**** Exercise materials

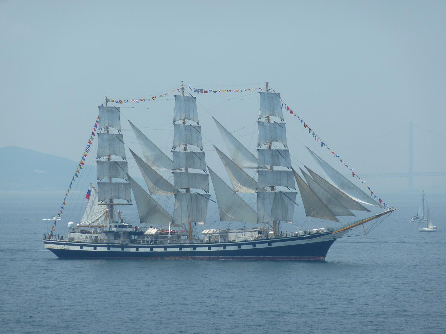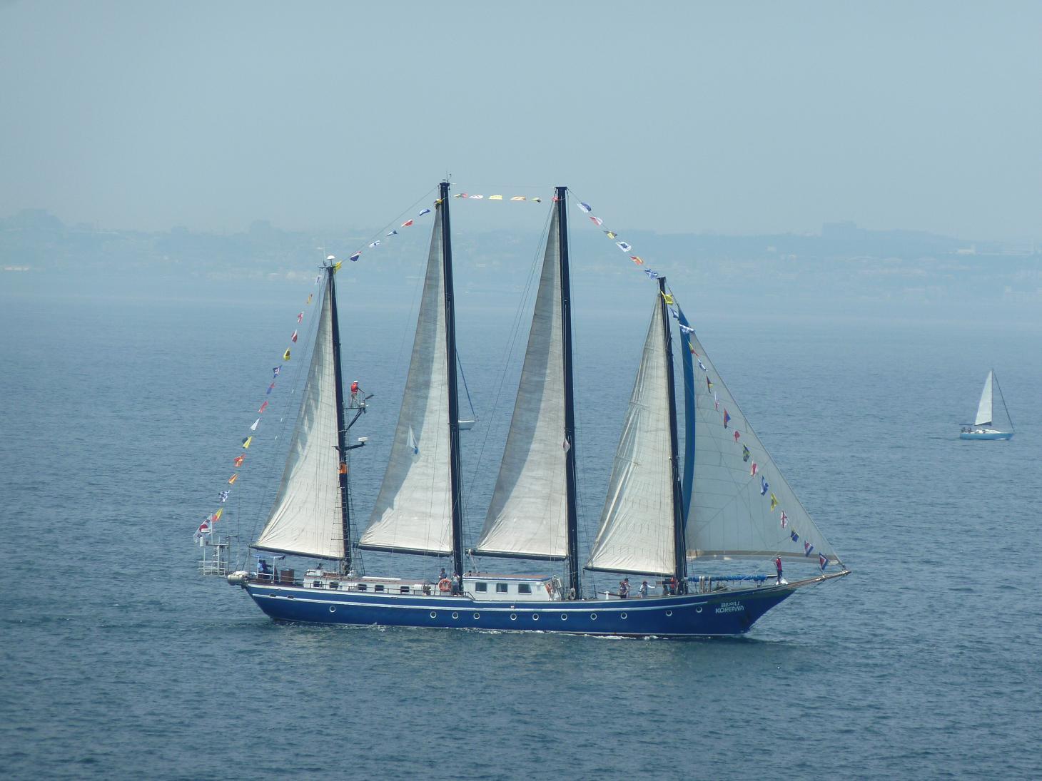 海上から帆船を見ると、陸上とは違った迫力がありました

********
**** Exercise materials

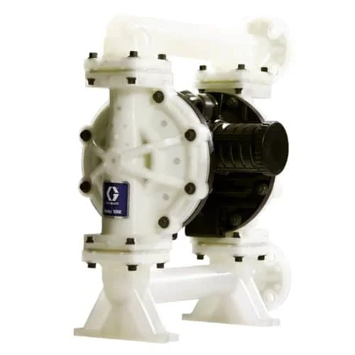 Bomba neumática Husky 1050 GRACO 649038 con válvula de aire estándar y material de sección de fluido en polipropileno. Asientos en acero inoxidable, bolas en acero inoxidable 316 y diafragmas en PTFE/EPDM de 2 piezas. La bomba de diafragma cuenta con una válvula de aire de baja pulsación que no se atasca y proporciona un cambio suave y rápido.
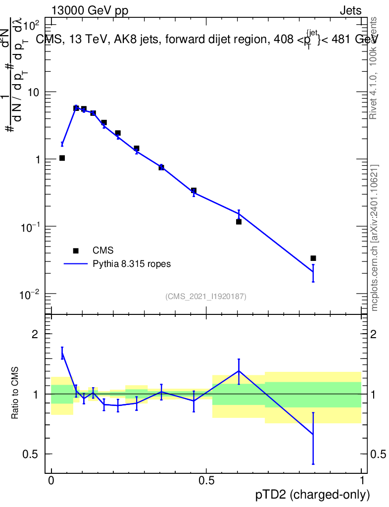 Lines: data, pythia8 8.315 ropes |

********

• [About this exercise] Reproduce exactly the lines above starting at the line containing "Bomba neumática Husky" and ending at the line containing "Lines: data, pythia8 8.315 ropes |", including both, but not the pictures.

• [Result for this task]
 Bomba neumática Husky 1050 GRACO 649038 con válvula de aire estándar y material de sección de fluido en polipropileno. Asientos en acero inoxidable, bolas en acero inoxidable 316 y diafragmas en PTFE/EPDM de 2 piezas. La bomba de diafragma cuenta con una válvula de aire de baja pulsación que no se atasca y proporciona un cambio suave y rápido.
 Lines: data, pythia8 8.315 ropes |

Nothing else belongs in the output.